Causal Attribution

Did the Program Cause the Outcome?

Module 5: Program Evaluation and Outcomes Depth: Application | Target: ~1,500 words

Thesis: The hardest question in program evaluation is “did the program cause the outcome?” — and most evaluations answer it poorly because they confuse correlation with causation or fail to construct a credible counterfactual.


The Attribution Problem

A federally qualified health center implements a HRSA-funded behavioral health integration initiative. Twelve months later, PHQ-9 screening rates have increased from 18% to 53%. The semi-annual progress report states: “The program resulted in a 35-percentage-point increase in behavioral health screening.” The funder reads this and should ask the question that most progress reports never answer: how do you know the program caused the increase?

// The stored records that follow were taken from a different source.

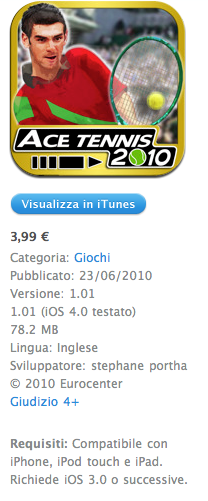 Ace Tennis 2010 Online sviluppato da Eurocenter arriva finalmente su iPhone, dopo essere approdato lo scorso mese su iPad.
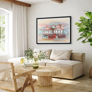 Affiche dans un cadre noir - Poster - Petite ville heureuse - 40x30 cm
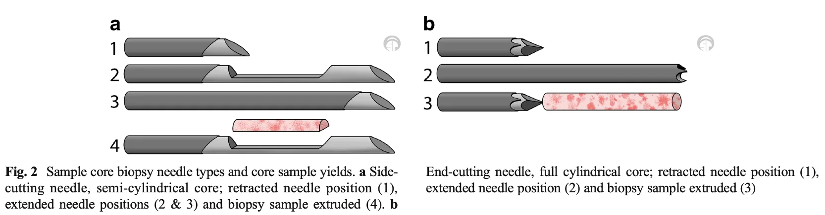 生検針には, 大きく分けて, サイドカット生検針(上図a)とフルカット生検針(上図b)があります.
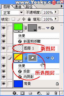 我们可以在图层面板上添加新图层然后向里面添加内容,也可以通过添加内容再来创建图层。一般创建的新图层会显示在所选图层的上面(图5)或所选图层组内。

This is the attribution problem. It is the central challenge in program evaluation, and it is the challenge that most grant-funded programs handle poorly or not at all. The program implemented an intervention. An outcome changed. The report asserts a causal link between the two. But temporal sequence is not causation. The fact that the outcome changed after the program was implemented does not establish that the outcome changed because the program was implemented. At least four alternative explanations exist for any observed improvement:

Secular trend. The outcome was already improving before the program began, and would have continued improving without it. If statewide PHQ-9 screening rates increased 20 percentage points over the same period due to CMS quality measure incentives and EHR vendor updates that embedded screening prompts, then the program’s incremental contribution is not 35 points — it is 35 minus whatever portion of the increase would have occurred anyway.

Confounding interventions. Other changes occurred during the same period that could explain the outcome. A new behavioral health provider was hired outside the grant at one of three sites. The health system implemented a new EHR with embedded clinical decision support. The state Medicaid program added a quality bonus for depression screening. Each of these could independently increase screening rates. The grant program may have contributed, but it was not the only thing that changed.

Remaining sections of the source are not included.